» **Given entries**
++++++++++

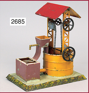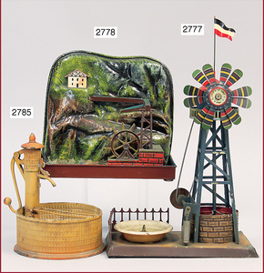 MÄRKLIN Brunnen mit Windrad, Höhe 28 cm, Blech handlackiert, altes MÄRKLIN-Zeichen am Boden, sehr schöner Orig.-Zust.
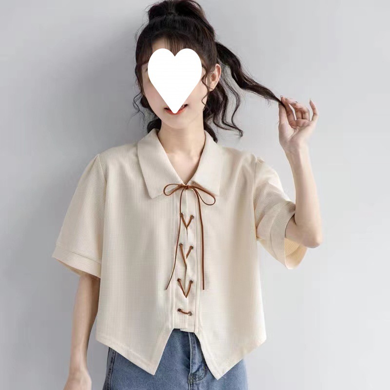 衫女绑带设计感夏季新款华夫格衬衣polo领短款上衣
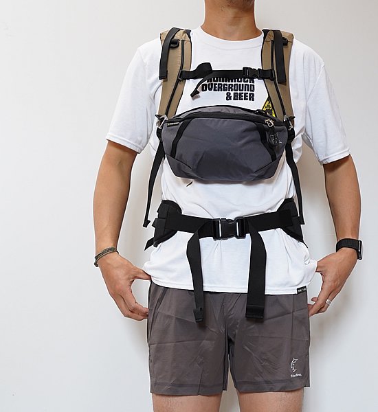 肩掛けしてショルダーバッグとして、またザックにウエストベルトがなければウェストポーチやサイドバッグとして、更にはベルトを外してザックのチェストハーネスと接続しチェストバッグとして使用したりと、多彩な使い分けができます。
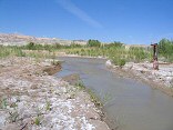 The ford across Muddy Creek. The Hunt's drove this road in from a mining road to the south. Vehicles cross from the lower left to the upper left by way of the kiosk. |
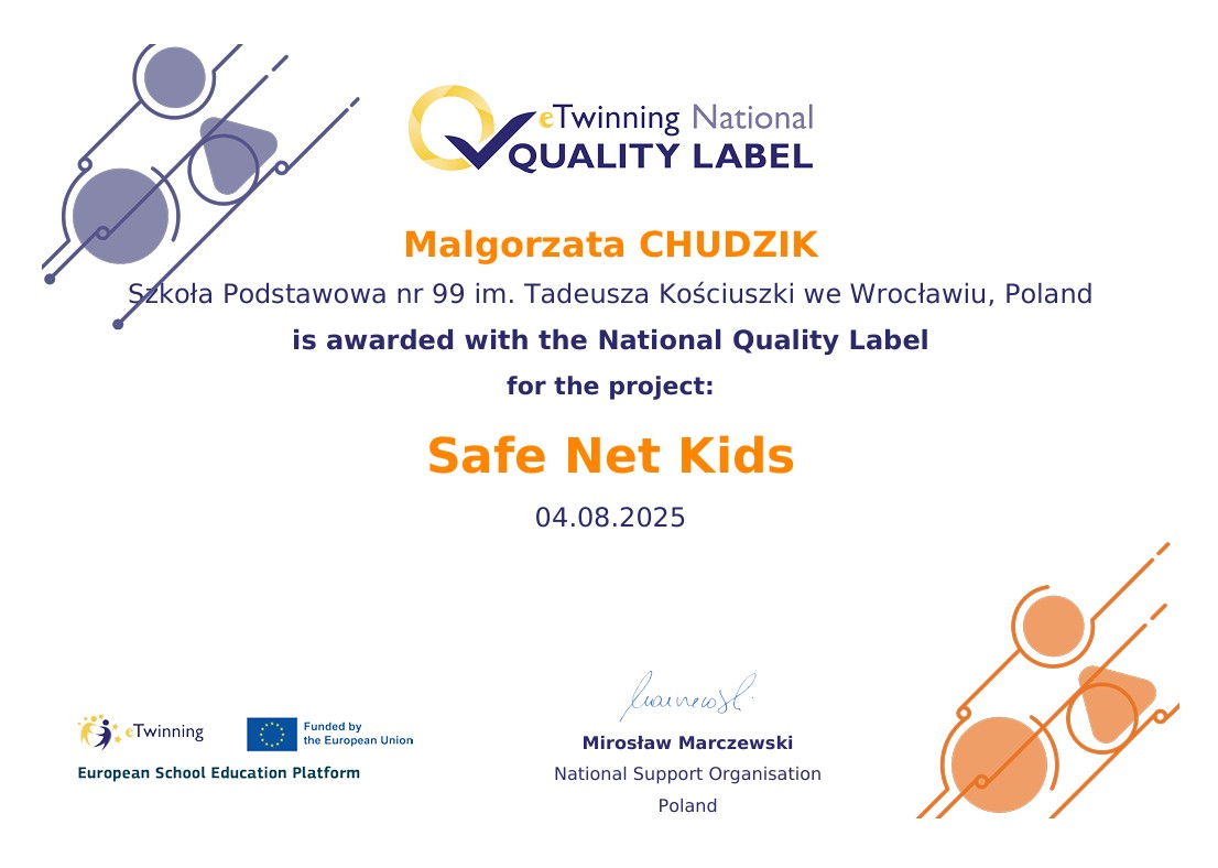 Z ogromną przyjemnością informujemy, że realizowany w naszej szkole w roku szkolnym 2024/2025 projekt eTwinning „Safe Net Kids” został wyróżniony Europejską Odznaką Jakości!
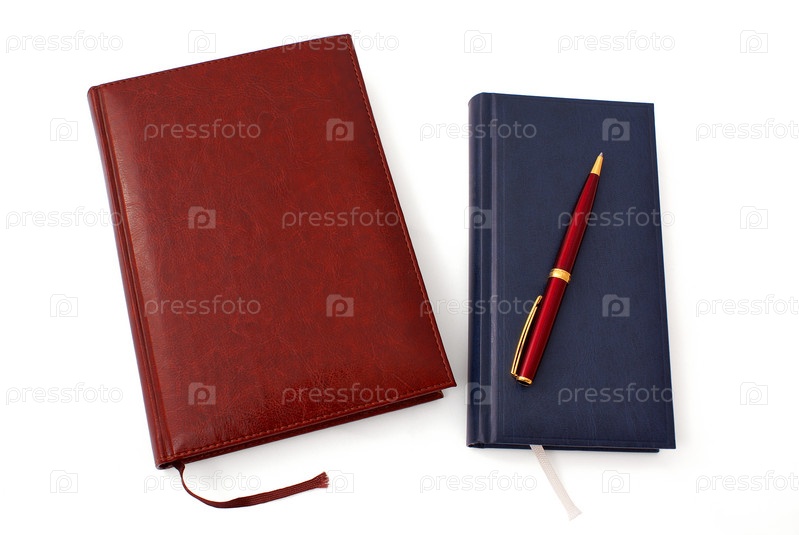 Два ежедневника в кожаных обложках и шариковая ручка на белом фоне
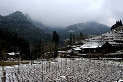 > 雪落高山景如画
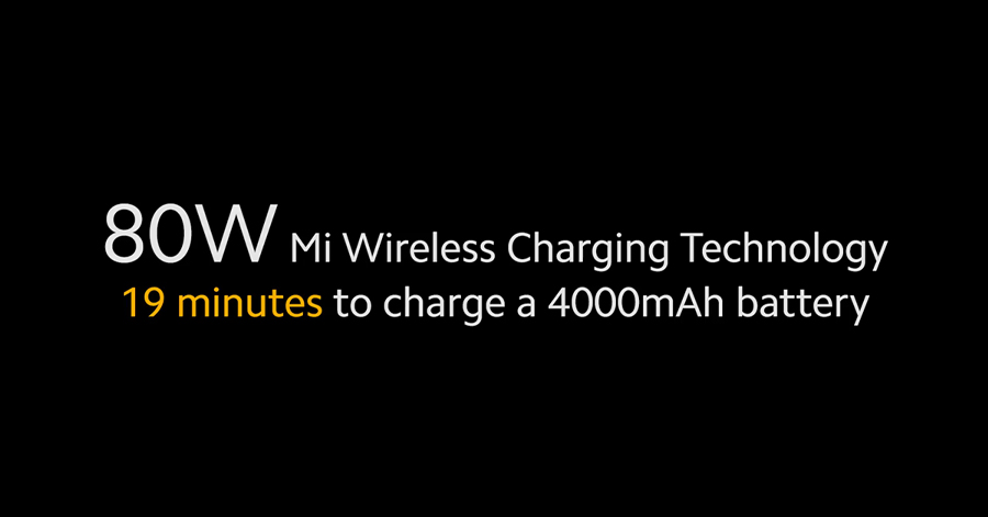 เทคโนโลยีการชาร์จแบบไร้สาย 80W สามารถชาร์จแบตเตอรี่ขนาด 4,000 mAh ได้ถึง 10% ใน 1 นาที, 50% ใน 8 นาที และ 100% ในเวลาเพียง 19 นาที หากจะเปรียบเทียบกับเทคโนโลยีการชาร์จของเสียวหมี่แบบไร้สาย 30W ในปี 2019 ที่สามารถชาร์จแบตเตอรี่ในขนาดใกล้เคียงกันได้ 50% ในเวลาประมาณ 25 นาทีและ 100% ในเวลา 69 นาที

++++++++++

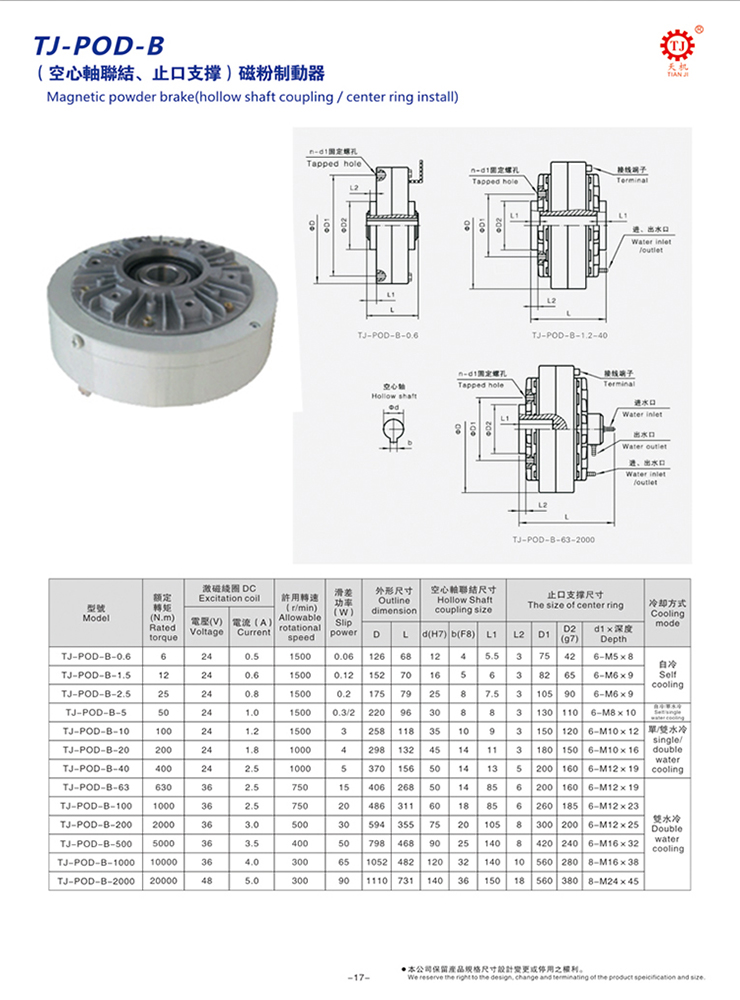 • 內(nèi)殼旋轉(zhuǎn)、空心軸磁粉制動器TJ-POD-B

++++++++++

» **Assignment**
Between and including the line above that contains "MÄRKLIN Brunnen mit" and the line that contains "肩掛けしてショルダーバッグと", restate every line word for word. Pictures stay out.

» **Solution**
 MÄRKLIN Brunnen mit Windrad, Höhe 28 cm, Blech handlackiert, altes MÄRKLIN-Zeichen am Boden, sehr schöner Orig.-Zust.
 衫女绑带设计感夏季新款华夫格衬衣polo领短款上衣
 肩掛けしてショルダーバッグとして、またザックにウエストベルトがなければウェストポーチやサイドバッグとして、更にはベルトを外してザックのチェストハーネスと接続しチェストバッグとして使用したりと、多彩な使い分けができます。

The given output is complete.